By Jennifer Velasquez
The success of this year’s Varsity Fencing team is transcending previous years. With a relatively new team made up of fewer experienced fencers and more underclassmen, it can be rather difficult for such strong bonds to form so quickly among teammates, but this year’s team has definitely surpassed that challenge.
One of this year’s foil captains, Jodi Yeh, stated, “I think this year’s team is different because we all have great chemistry together. Everyone gets along, and I feel like there is a special connection among everyone.”
For those who are unfamiliar with fencing, it is a traditional sport that requires one to fight his or her opponent by using “Rapier-style” swords; whoever successfully makes contact with his or her opponent first wins the point.
As someone who fences, I can vouch that it is more fun to fence than it is to watch. There’s a reason why fencing is known as the “physical chess” of the Olympics. It isn't a sport that just tests your physical capabilities, it is a sport that also challenges and engages much of the mind. It can be complicated to understand at first, and if you’ve ever seen a fencing match before, without any prior knowledge of the sport, you might have wondered, “Why are these strangely dressed people trying to stab each other with swords?” or “How does someone win if they’re both stabbing each other at the same time?” Trust me, I’ve been there, and I get it. Although I won’t get into every detail, I’ll clarify some of your questions.
Fencing can be a dangerous sport. That is a no brainer. The essence of the sport is to literally stab our opponents first, so we are required to wear certain gear in order to protect our bodies from injuries. That is why all fencers wear beekeeper-like masks, form-fitting white jackets and knickers, and a special glove that protects our fencing hands. However, the gear differentiates from there, depending on which of the three modern types of fencing you practice.
Each of these forms uses different styles of weapons along with different sets of rules. This separates the team into three competitive scenes: Foil, Épée, and Sabre. Since the rules of the sport are not all the same, the way in which one wins points also varies. For example, if both opponents make contact with each other at the same time in a match, the only competitive scene that rewards points for that is Épée, which would give both opponents the point. The key to winning is generally the same; you either attack and stab your opponent first, or you successfully “parry” (deflect) the attack and get him or her back.
So, how is OB’s fencing team doing so far? The Varsity Fencing team’s coach, Mr. Bruckner, stated, “We're at mid-season, and we're showing all the other teams that we are very competitive. We're striving for the top four spots for county in order to make playoffs for the boys and girls teams.”

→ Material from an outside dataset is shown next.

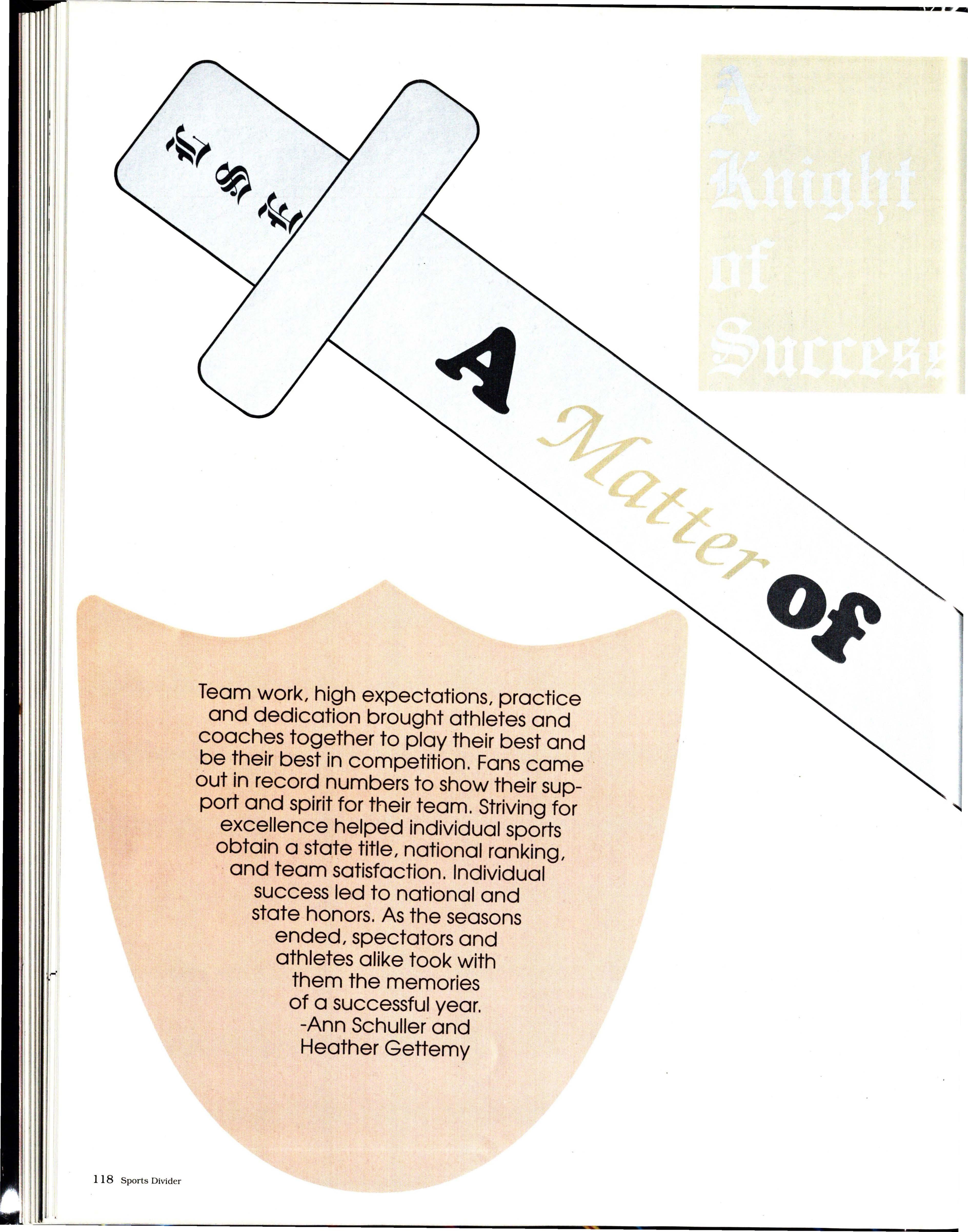 IThe Shield was completed in six deadlines by using the new Comtran 2 .0 computer program and LaserWriter printer. Fonts used were, Helvetica, Cooper Black, Zapf Chancery, Broadway, Jefferson, Times Italic, Bookm a n , Bookman Italic, Mixage, University Roman. Colors used were Burgandy, Maroon, Peach, Process Red, Violet, Orange. Royal Blue, Process Yellow, Chartreuse, Irish Green, Bright Red, Forest Green, Sapphire Blue, Indi go, Royal Purple, Bronze, Silver, and Gold.

With the boys having five wins and two losses so far, and the girls having five wins and three loses, we are currently ranked in 4th place. Whatever our rank may be, the fencing team is continually practicing and training very hard to make our school proud.
Jodi Yeh added, “Everyone is eager to get better, and I think this is the most motivated team so far.”
From my experience, I’ve seen many of my fellow teammates get injured at practice or meets; however, they got back up on their feet and gave it their all until the very end. I've personally pushed myself time and time again, inspired by the amazing skills and techniques of my teammates.
Mr. Bruckner praised the talent of his team and revealed, “We have some excellent players on our team. Kate Devereaux and Jodi Yeh, who are both captains of the girls foil team, are some of the top fencers in the county.”
When asked what motivates her, Yeh responded, “I really like the sport itself, and I want to get better. What motivates me is the feeling of accomplishment, yet it also makes me want to work even harder to improve my fencing.”
Fencer Sarah Conway also revealed her thoughts about the team’s camaraderie. “I feel like it's a family environment. Usually a lot of sports are like that, but Fencing is different. We’re closer.”
Decorated in our purple and gold socks, sitting side by side, yelling at the top of our lungs as we cheer on our fellow team members, the other teams shrink in comparison. I can say that I have lost my voice on more than one occasion from proudly cheering on my teammates, but that's because the sport and team are so intense. If you want a place where you can feel like you belong, while experiencing the exhilaration of learning a sport that continually pushes you both physically and mentally, then do yourself a favor and join OB’s fencing team.